While I love the theming and immersive nature of the parks, I honestly don't care about characters, merchandise, or the newer movies. Don't get me wrong, I enjoy a Pixar film now and again I think Inside Out was the last one I saw. I do enjoy how it all adds to the theme at the parks, don't get me wrong but I see folks on here complaining about character interactions or integration into an attraction or what have you and I just couldn't care less.

I've seen a lot of folks post complaints about a lot of seriously petty things and I just never want to take a giant corporate entity for granted in that way. I want to just go and enjoy the atmosphere, vacation, and experience, and not let the minutiae bother me. I do agree with some of the junk regarding reservations and genie+ etc... the logistical complications are unprecedented. But whining about "X was only running in B mode so it just wasn't the same screw you Disney, get it together!" Stuff like that bugs me.


----------



## TheBlackBear

I once tried to sneak into a Disney movie without a ticket.


----------



## Genie+

I snuck into MK at WDW once.  

I was like 19 or 20 and went with my sister and her young kids.  We all bought tickets at TTC and rode the monorail.  Well, I lost my ticket in a gust of wind and it went down onto the track as we were boarding.  When we arrived at the gate I told the CM what happened, so she went to go ask about finding my ticket on the track lol.  I look over to see my sister and kids waiting for me inside the park with sad faces   So I just walked thru the gate over to them and we went about our day, lol.  Ain’t nobody got time to find lost tickets!


----------



## zerodogofreason

I can't ride the Prince Charming Regal Carrousel because I get too dizzy, but I adore Expedition Everest, lol.


----------



## Jennykins

I cry at Beauty and the Beast stage show every single time.

I cuss out aggressive stroller parents under my breath.

I hope my future husband is a Disney fanatic like me so I don't have to explain this.

I love Daisy's sassy walk.

I can make Goofy's dumb duh-huh sound perfectly.

I prefer the old-fashioned carpeting in the rooms.


----------



## BlancheNeige7

I don't like any of the fireworks shows.  I much rather been doing rides or shopping. 

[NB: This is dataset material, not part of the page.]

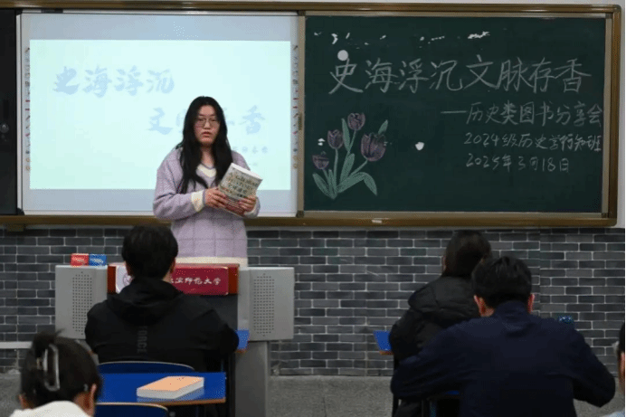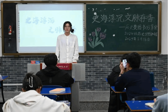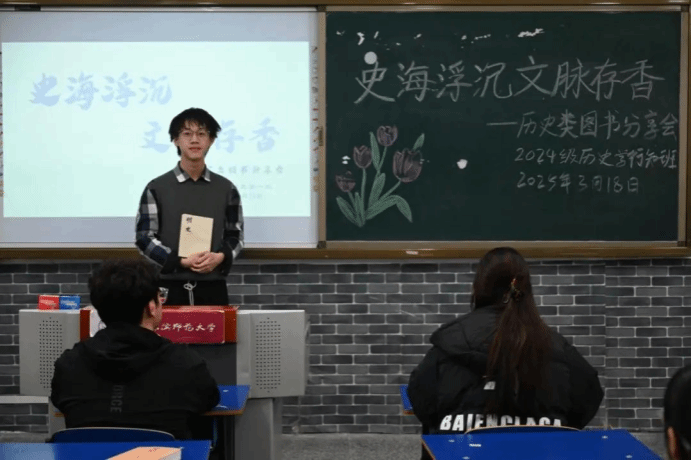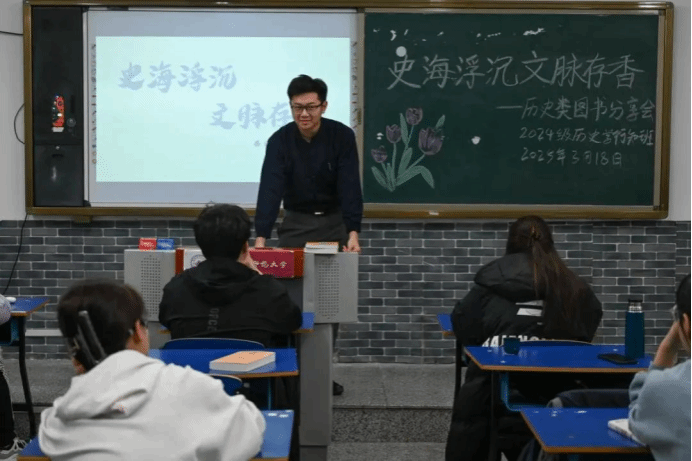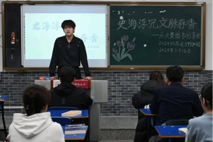 2024级历史学行知班举办了“史海浮沉,文脉存香”历史类图书分享会,班长韩昊峻同学主持本次活动,行知班全体同学参加。

I could sit at Poly for hours for the music and theming, but have never stayed.


----------



## ShannyMcB

Shameful secret? I don't miss the great movie ride.


----------



## Juicymaroo

This is bad, but I'm a ride wimp completely so in all the times I've been to WDW, I've never done any of the rides apart from the slow scenic stuff (Test Track has been the biggest one so far for me!) And I worked there for a year as part of the CRP :/ basically wasted my free entry for sure. Looking to make up for it though on all future holidays!


----------



## NJMermaid

I donn't like to stand in a  crowd to watch a parade.  I prefer to watch fireworks from afar, or even on television.
I will work for Mickey Bars.


----------



## rstevens333

Parades are a nightmare. No shame there!


----------



## Nickylv

NJMermaid said:


> I donn't like to stand in a  crowd to watch a parade.  I prefer to watch fireworks from afar, or even on television.
> I will work for Mickey Bars.


unless there is a private viewing section I will not stand in those crouds either


----------



## DVC Sue

I really hate the parades. I go to rides while they’re in progress because the lines are usually shorter.


----------



## tinkerjo

I do not like nighttime shows. Hate all Epcot night shows and I have never seen fantasmic. In all my trips I have never had a desire to stay and watch it. The only parade with watching is the Main Street electrical parade (and I do love that one) I’m not even a fan of the castle projections and prefer to watch fireworks from atop BTMRR than Main Street.


----------



## mjl1993

CRT is one of the worst dining experiences we’ve had as a couple. Horrific food and service both times we’ve been.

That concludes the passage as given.